En los países desarrollados, acciones como la reducción de la jornada de trabajo, sin reducción
salarial, constituyen uno de los principales caminos para la solución del problema del desempleo.
“En una sociedad en que el trabajo regular se configura como status de ciudadanía, es necesario
que se creen condiciones para garantizar a la población la inserción productiva en el mercado de
trabajo en condiciones no precarias”.[39]
En cambio, en América Latina, la aceleración del desempleo obedece a causas estructurales
derivadas del desempleo tecnológico que viene provocando la reestructuración económica. En
algunos casos, como en México y Brasil, estos cambios han involucrado difusión microelectrónica
e informática e innovaciones organizacionales en base a los métodos japoneses de organización
y producción en los sectores más dinámicos de la economía, debilitando la capacidad del sistema
para crear nuevos empleos. Otra causa, que acelera el desempleo, se encuentra en las políticas
neoliberales.
Son raros los casos en donde se da una combinación virtuosa entre tecnología y empleo, sin que
necesariamente implique el detrimento de éste. Pero, seamos justos, generalmente detrás de
este fenómeno está la fuerza del sindicato y sus luchas.[40] Sin embargo, esto no es la regla,
sino la excepción ya que el sindicalismo, o está coludido con las instituciones oficiales del
gobierno o, bien, carece de estructuras y fuerzas suficientes para imponer sus demandas e
intereses en la política y en la sociedad.
Es por eso que, más allá de que los cambios en el proceso de trabajo y en las relaciones
laborales (en Brasil, en México, en Chile), hayan sido acompañados de incorporación de
tecnología, y la fuerza de trabajo relocalizada (en industrias como la automotriz, por ejemplo)

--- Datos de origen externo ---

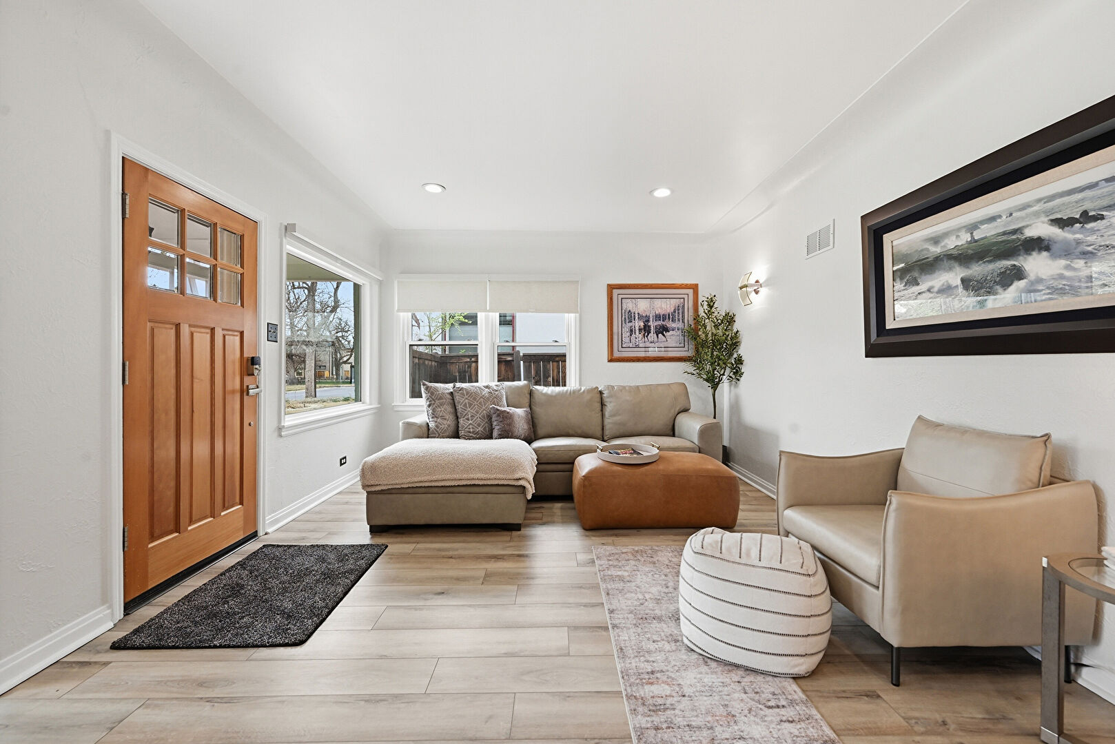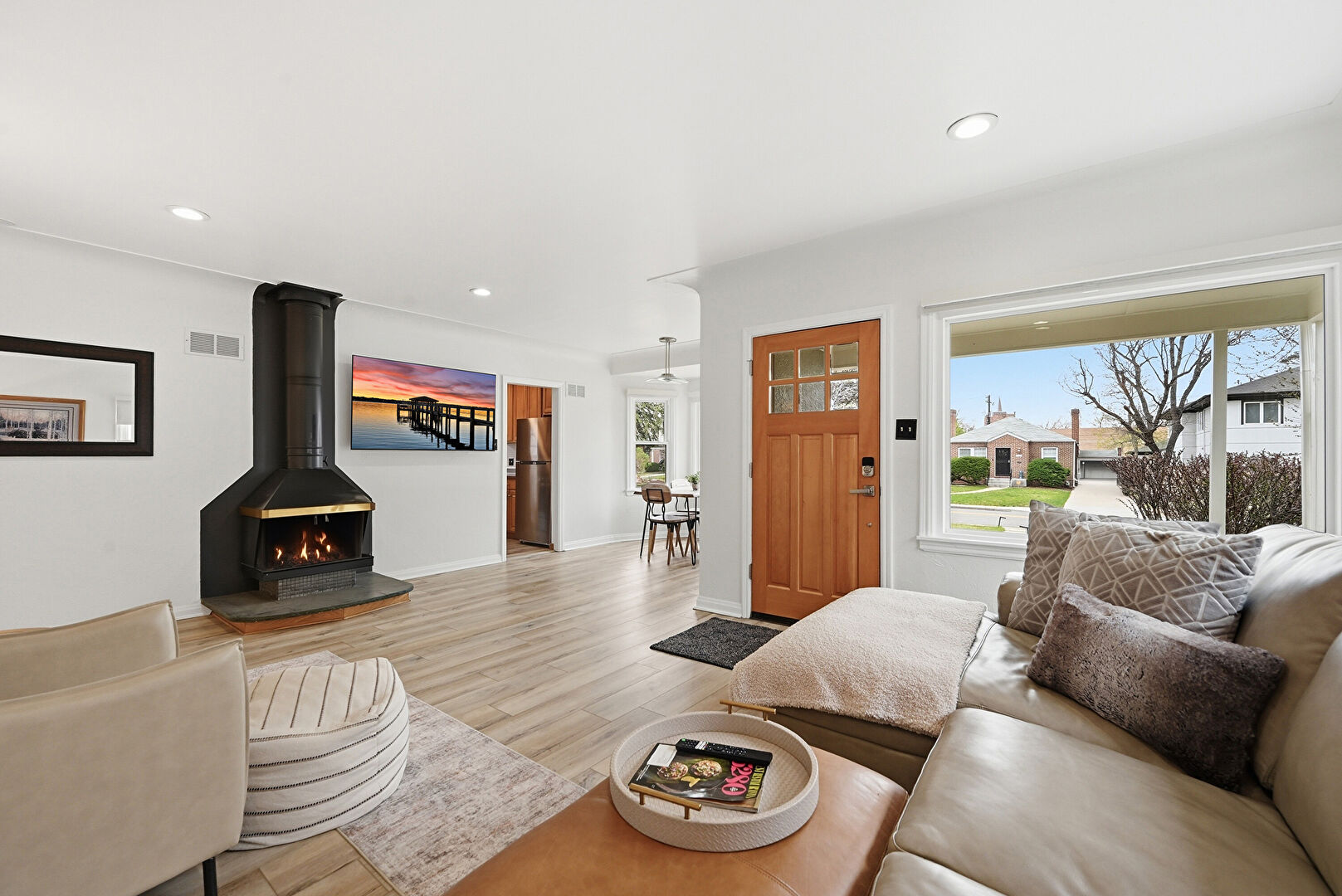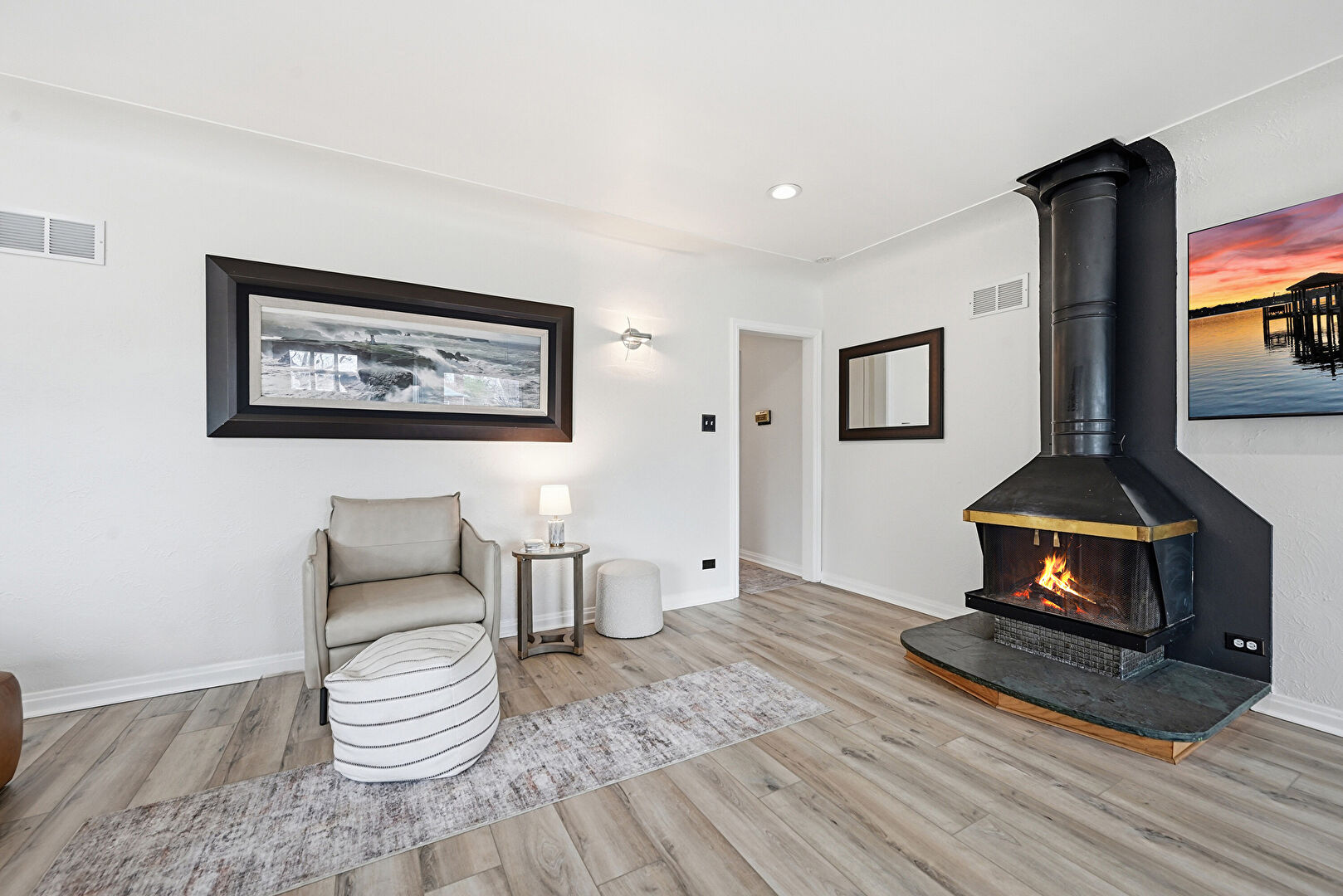 Baseboards Wall, Drywall, Natural Light, Recessed Lighting, Vent, Wood Finish Floor, Wood Stove, Drywall, Natural Light, Vent

cuando es desplazada por la reestructuración; por el contrario, en América latina, los ajustes
laborales han estado precedidos de políticas de desregulación de los contratos de trabajo y,
en consecuencia, de la precarización del trabajo con repercusiones en todas las esferas de la
vida social.
4.4. Conclusión
Es indiscutible que la automatización flexible es un dispositivo, no solamente tecnológico, sino
económico y político cuya estrategia consiste en romper las rigideces estructurales de una
economía posbélica que entró en crisis y ya no asegura condiciones normales de rentabilidad.
Para el mundo del trabajo, ello se traduce en una reestructuración de sus condiciones jurídico-
laborales para convertirse en una fuerza de trabajo precarizada y polivalente, o sea,en
una fuerza de trabajo que está expuesta constantemente a perder sus derechos. Esta vía abre
todas las posibilidades al capital para echar mano de la superexplotación del trabajo en los
términos en que la definimos anteriormente, asumiendo la forma monumental de la
precarización del trabajo a finales del siglo XX.